» YOUR INSTRUCTIONS
Each entry below should appear again exactly as written, without pictures.
══ MATERIAL FOR THIS TASK
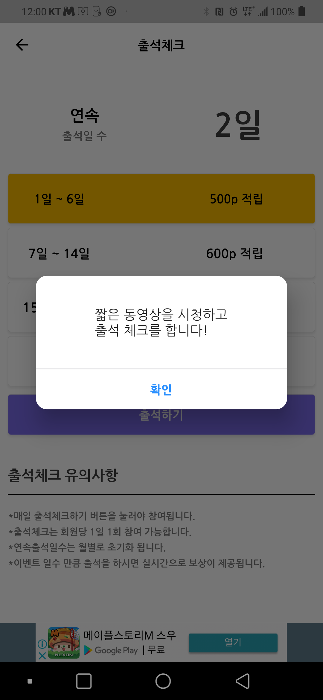 단, 단점이라면 출석체크와 채굴 수령 시 동영상을 봐야합니다.
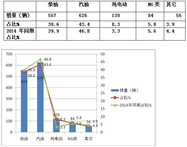 根据最新上牌数据信息,2015年11月份累计销售1443辆考斯特客车,按动力种类划分统计如下表:
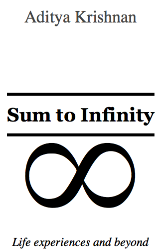 Sum to Infinity is a 2014 travel novel by Indian author Aditya Krishnan (Hindi: अदित्या क्रिशन्न; born 24 June 1997). The book was released online via Amazon.com on 24 July 2014, two years after his first novel Starters with Mocktales.The book was
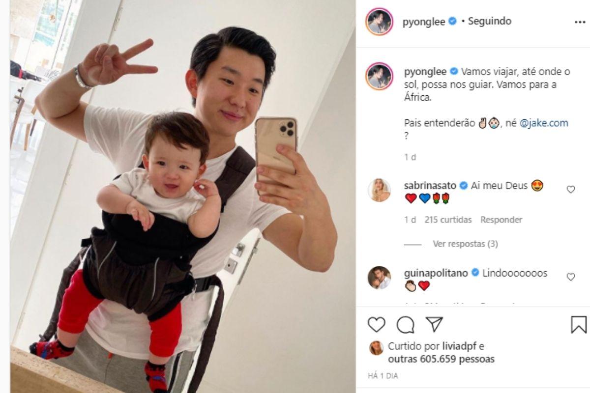 O ex-BBB e influenciador digital Pyong Lee usou as redes sociais para compartilhar uma foto cheia de amor com o filho, Jake, de 8 meses, fruto do relacionamento com Sammy. Na imagem, os pai e o filho aparecem sorrindo em frente a um espelho. Na legenda, ele fez uma brincadeira relacionado a um desenho infantil que apenas os pais de crianças pequenas vão entender!
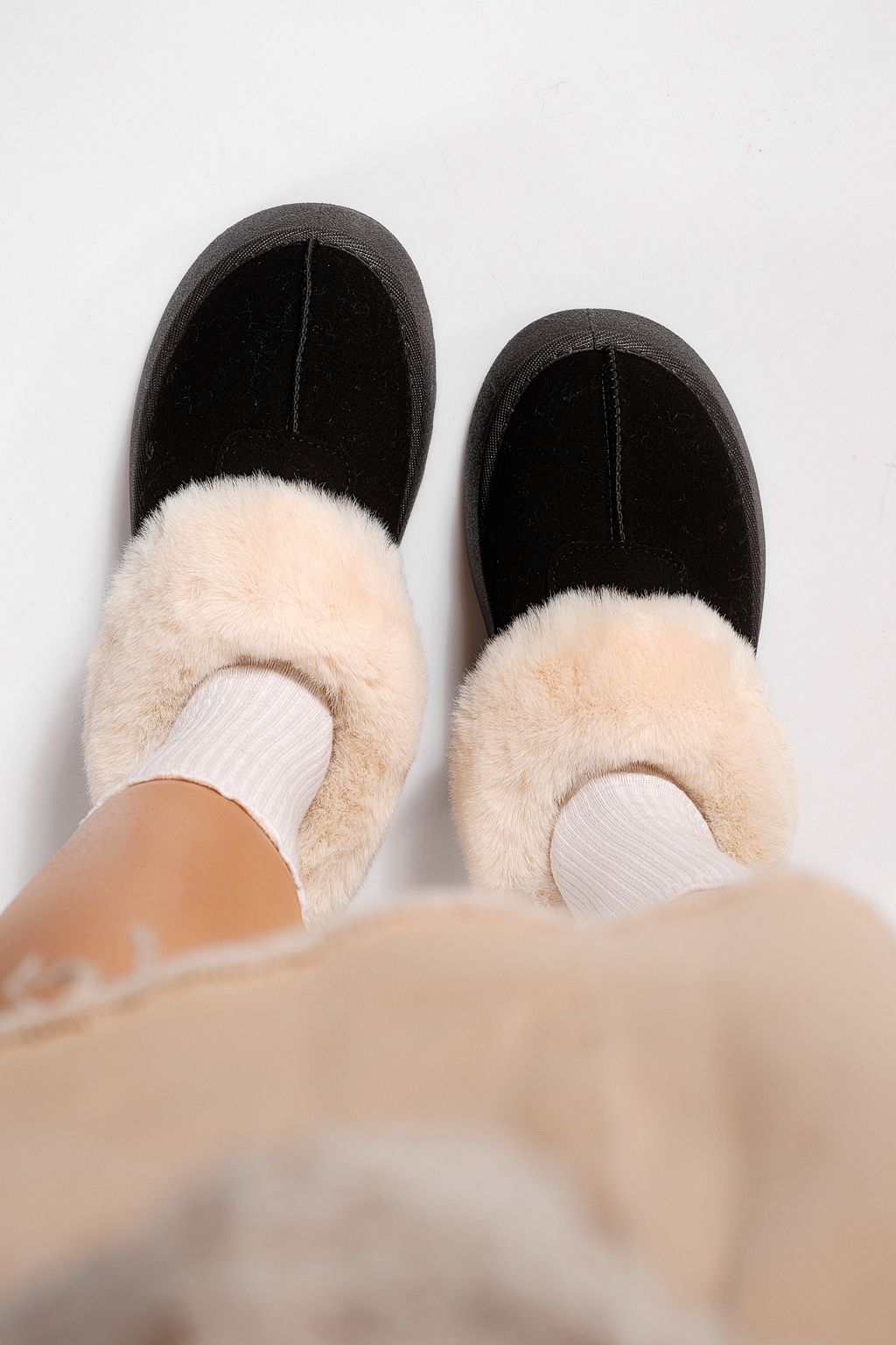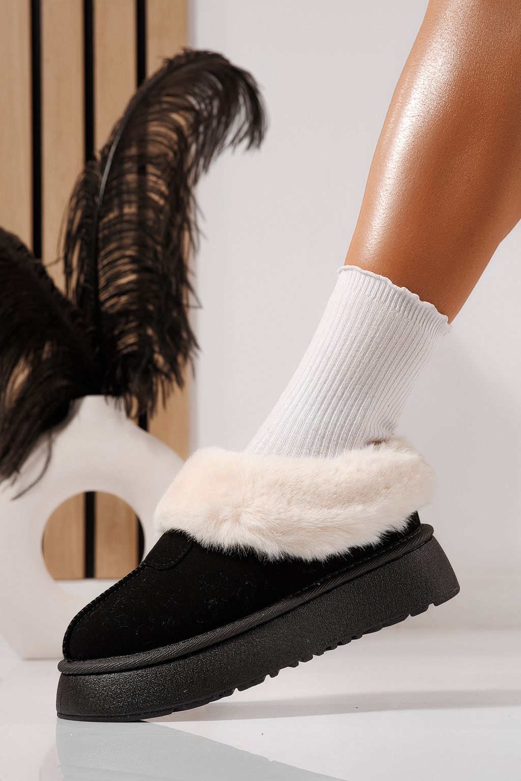 Női szőrmével bélelt csizma Ug fekete öko bőrből készült Antonia #23061
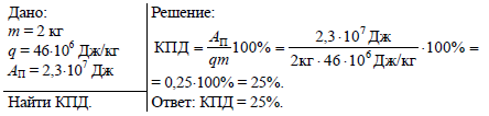Двигатель внутреннего сгорания совершил полезную работу, равную 2,3 • 104 кДж, и при этом израсходовал бензин массой 2 кг. Вычислите КПД этого двигателя
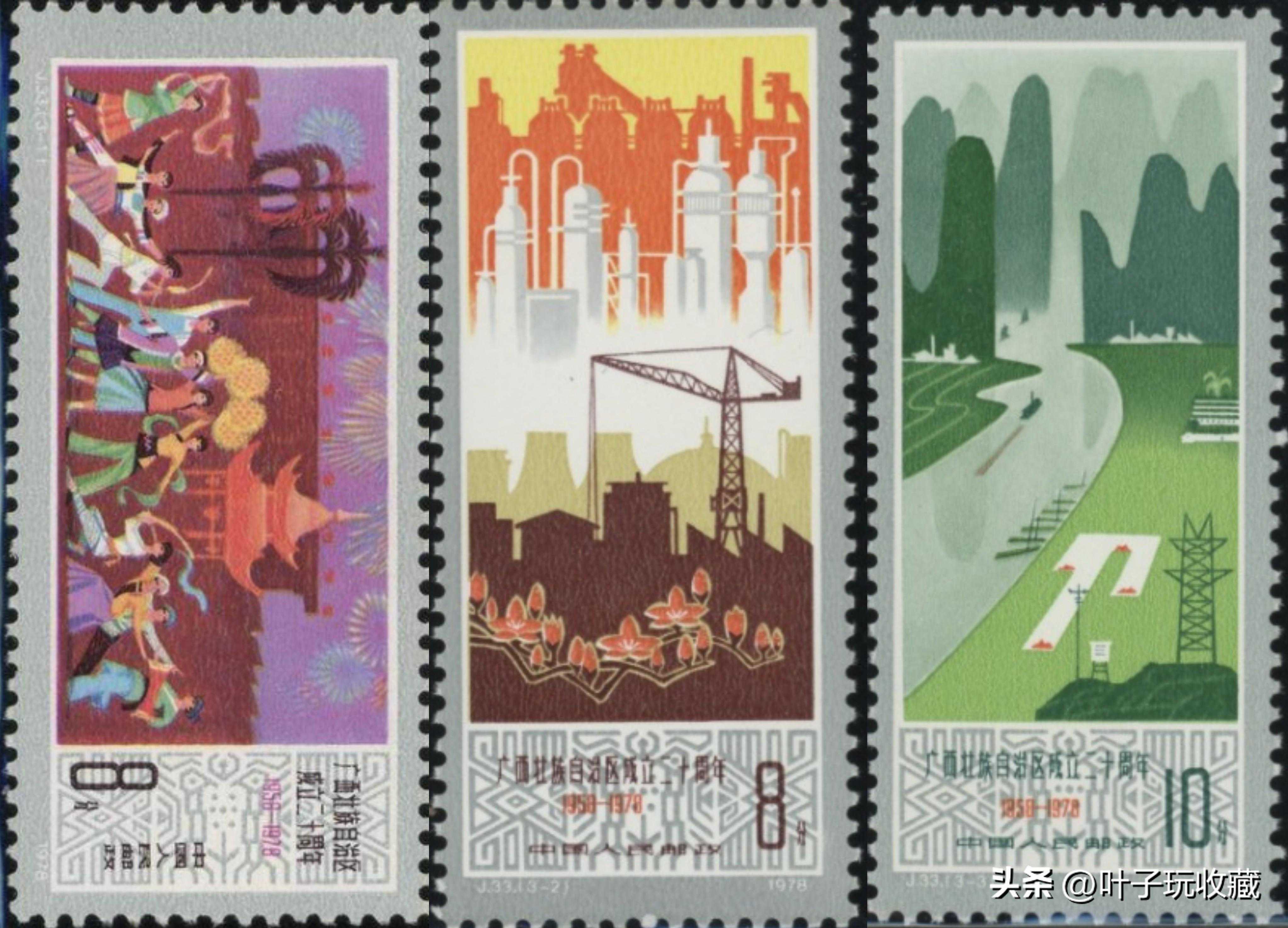 J33—广西壮族自治区成立20周年此套邮票由王明旨、吴祖强,邓二龙共同设计,于1978年12月11日发行,全套3枚,分别为工业、欢庆、农业,全张35枚,影写版,发行量600万套。
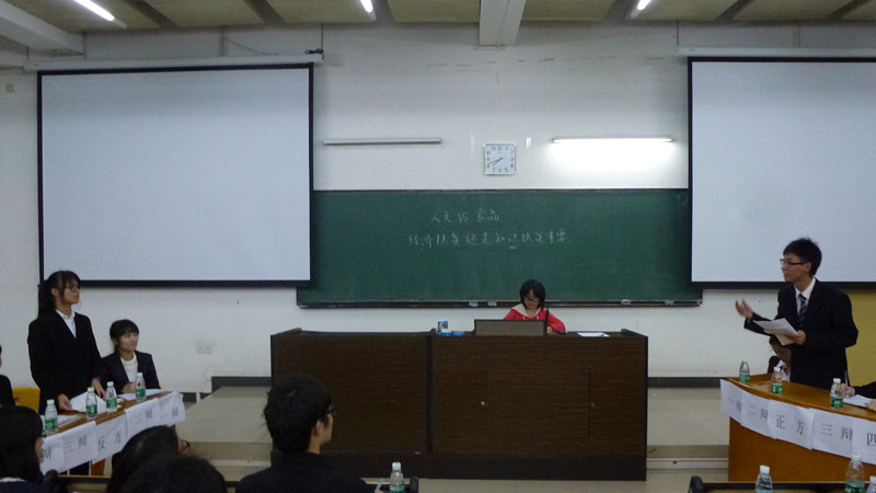 此次辩论的正方是食品学院党校辩论队,他们认为“知识扶贫比经济扶贫更重要”,反方为人文与法学学院党校辩论队他们认为“经济扶贫比知识扶贫更重要”。简单的自我介绍之后,双方一辩开篇陈词。正方一辩表示,经济扶贫诚然重要,但是“授人以鱼,不如授人以渔”,要从根本上解决贫困问题,还是得靠知识扶贫,经济扶贫只能解决短期问题,从长期来看,经济扶贫的效果不如知识扶贫。而反方一辩则表示,知识扶贫的重要性是不可否认的,但是,就中国目前的情况来看,经济扶贫显然比知识扶贫更重要。经济是基础,没有经济作为前提,知识扶贫根本无法开展。当前,我国贫困人群更迫切需要的是经济扶贫,经济扶贫的效果立竿见影。
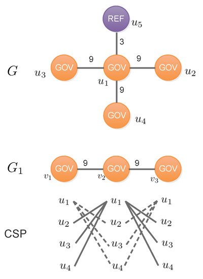 Theorem 2 [12] describes the relation between subgraph isomorphism and the CSP model. Intuitively, the CSP model is similar to a template, in which each variable in is a slot. A solution is a correct slot fitting which assigns a different node of G to each node of , such that the labels of the corresponding nodes and edges match. For instance, a solution to the CSP of the above example is the assignment . If there exists a solution that assigns a node u to variable , then this assignment is valid. is a valid assignment while is invalid in this example.
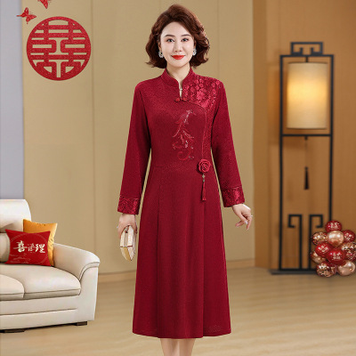 新款女装刺绣款中老年人婚宴连衣裙气质婆婆装长裙子喜庆妈妈春秋
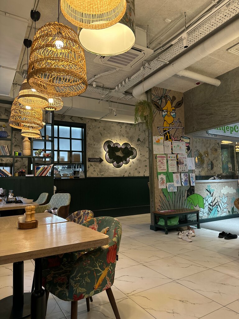 Добрый день! Были в этом кафе большой компанией, места всем хватило, детская комната находится в середине зала, небольшая, но уютная и с детьми занимается аниматор! Есть ещё и игры, книги, так что на любой возраст детей можно найти развлечения! По меню: цены довольно высокие, детское меню не намного отличается по цене от взрослого (хотя в других похожих местах разница ощутима), здесь детские супы в районе 500 руб, взрослые дороже, мы брали детский суп с пельмешками и крем-суп из лисичек. На мой взгляд, порция взрослого супа была небольшая, а цена при этом 650 руб... Заказали ещё чай, взяли со смородиной, очень сладкий оказался, хотя в описании чая сахар не был указан, пришлось несколько раз разбавлять кипятком, чтобы спокойно пить.
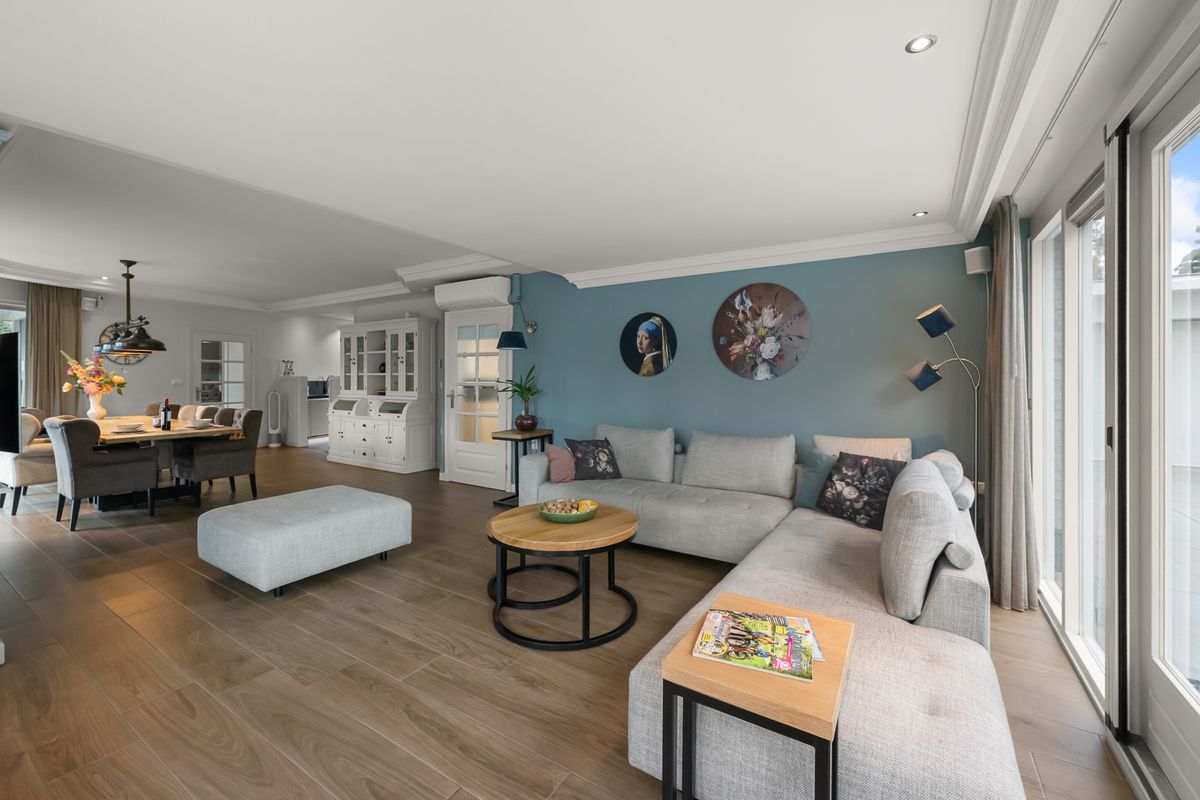 De lichte woonkamer vormt het hart van de woning en is bijzonder ruim van opzet. Door de ronde vorm en brede raampartijen geniet u hier de hele dag van zonlicht en een vrij zicht op de tuin. Dit is een plek waar u heerlijk kunt ontspannen en gasten kunt ontvangen.
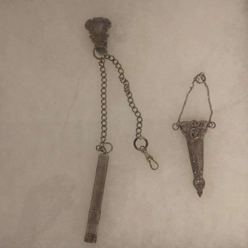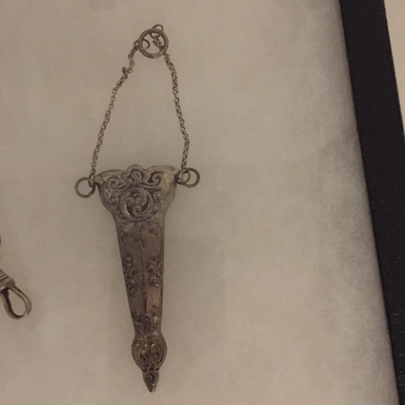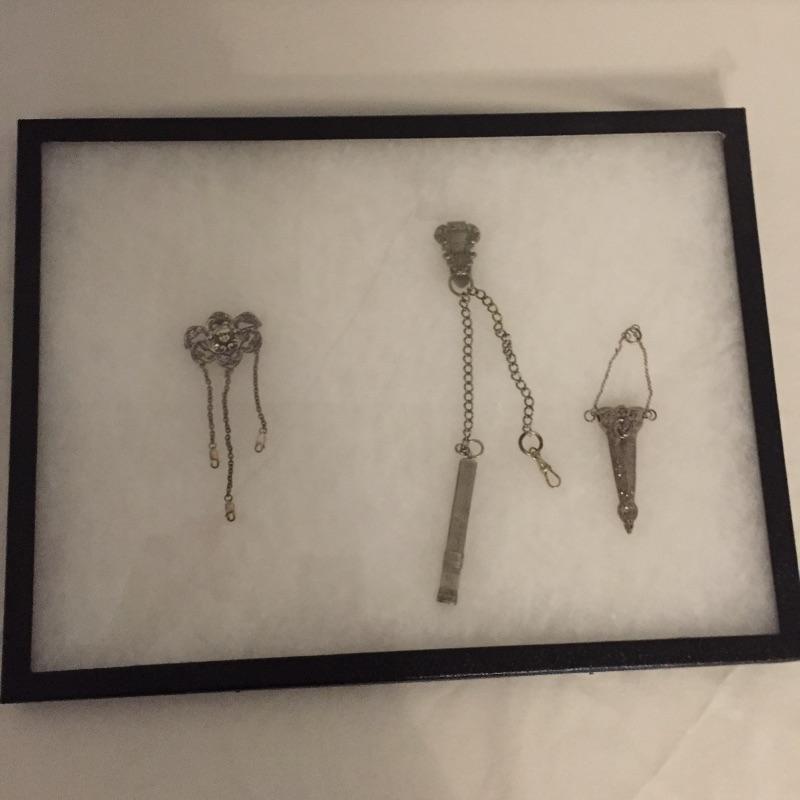 Chatelaines in display frame. Great for all you sewing buffs who know what these were used for. Frame measures 12.5” x 16.5” x 1”.
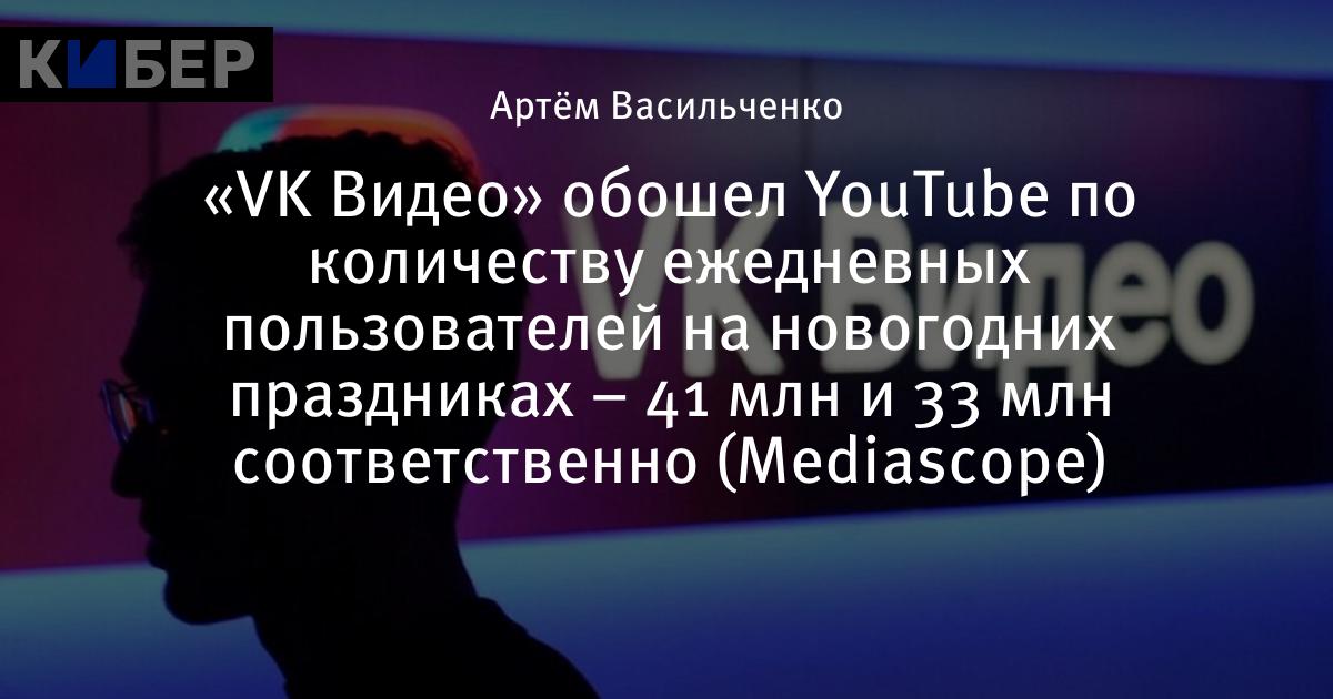 «VK Видео» обошел YouTube по количеству ежедневных пользователей на новогодних праздниках – 41 млн и 33 млн соответственно (Mediascope)
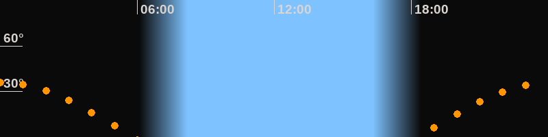 | Aufgang | 18:15 Uhr im Osten (αAz = 94,7°) |
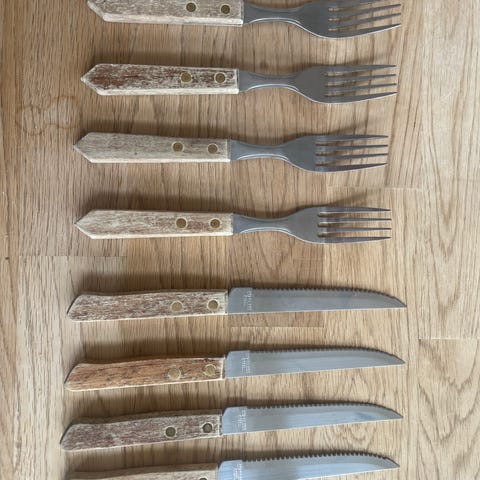 Bestickset gafflar och knivar rostfritt stål trähandtag
════
» PROBLEM SOLUTION
 단, 단점이라면 출석체크와 채굴 수령 시 동영상을 봐야합니다.
 根据最新上牌数据信息,2015年11月份累计销售1443辆考斯特客车,按动力种类划分统计如下表:
 Sum to Infinity is a 2014 travel novel by Indian author Aditya Krishnan (Hindi: अदित्या क्रिशन्न; born 24 June 1997). The book was released online via Amazon.com on 24 July 2014, two years after his first novel Starters with Mocktales.The book was
 O ex-BBB e influenciador digital Pyong Lee usou as redes sociais para compartilhar uma foto cheia de amor com o filho, Jake, de 8 meses, fruto do relacionamento com Sammy. Na imagem, os pai e o filho aparecem sorrindo em frente a um espelho. Na legenda, ele fez uma brincadeira relacionado a um desenho infantil que apenas os pais de crianças pequenas vão entender!
 Női szőrmével bélelt csizma Ug fekete öko bőrből készült Antonia #23061
Двигатель внутреннего сгорания совершил полезную работу, равную 2,3 • 104 кДж, и при этом израсходовал бензин массой 2 кг. Вычислите КПД этого двигателя
 J33—广西壮族自治区成立20周年此套邮票由王明旨、吴祖强,邓二龙共同设计,于1978年12月11日发行,全套3枚,分别为工业、欢庆、农业,全张35枚,影写版,发行量600万套。
 此次辩论的正方是食品学院党校辩论队,他们认为“知识扶贫比经济扶贫更重要”,反方为人文与法学学院党校辩论队他们认为“经济扶贫比知识扶贫更重要”。简单的自我介绍之后,双方一辩开篇陈词。正方一辩表示,经济扶贫诚然重要,但是“授人以鱼,不如授人以渔”,要从根本上解决贫困问题,还是得靠知识扶贫,经济扶贫只能解决短期问题,从长期来看,经济扶贫的效果不如知识扶贫。而反方一辩则表示,知识扶贫的重要性是不可否认的,但是,就中国目前的情况来看,经济扶贫显然比知识扶贫更重要。经济是基础,没有经济作为前提,知识扶贫根本无法开展。当前,我国贫困人群更迫切需要的是经济扶贫,经济扶贫的效果立竿见影。
 Theorem 2 [12] describes the relation between subgraph isomorphism and the CSP model. Intuitively, the CSP model is similar to a template, in which each variable in is a slot. A solution is a correct slot fitting which assigns a different node of G to each node of , such that the labels of the corresponding nodes and edges match. For instance, a solution to the CSP of the above example is the assignment . If there exists a solution that assigns a node u to variable , then this assignment is valid. is a valid assignment while is invalid in this example.
 新款女装刺绣款中老年人婚宴连衣裙气质婆婆装长裙子喜庆妈妈春秋
 Добрый день! Были в этом кафе большой компанией, места всем хватило, детская комната находится в середине зала, небольшая, но уютная и с детьми занимается аниматор! Есть ещё и игры, книги, так что на любой возраст детей можно найти развлечения! По меню: цены довольно высокие, детское меню не намного отличается по цене от взрослого (хотя в других похожих местах разница ощутима), здесь детские супы в районе 500 руб, взрослые дороже, мы брали детский суп с пельмешками и крем-суп из лисичек. На мой взгляд, порция взрослого супа была небольшая, а цена при этом 650 руб... Заказали ещё чай, взяли со смородиной, очень сладкий оказался, хотя в описании чая сахар не был указан, пришлось несколько раз разбавлять кипятком, чтобы спокойно пить.
 De lichte woonkamer vormt het hart van de woning en is bijzonder ruim van opzet. Door de ronde vorm en brede raampartijen geniet u hier de hele dag van zonlicht en een vrij zicht op de tuin. Dit is een plek waar u heerlijk kunt ontspannen en gasten kunt ontvangen.
 Chatelaines in display frame. Great for all you sewing buffs who know what these were used for. Frame measures 12.5” x 16.5” x 1”.
 «VK Видео» обошел YouTube по количеству ежедневных пользователей на новогодних праздниках – 41 млн и 33 млн соответственно (Mediascope)
 | Aufgang | 18:15 Uhr im Osten (αAz = 94,7°) |
 Bestickset gafflar och knivar rostfritt stål trähandtag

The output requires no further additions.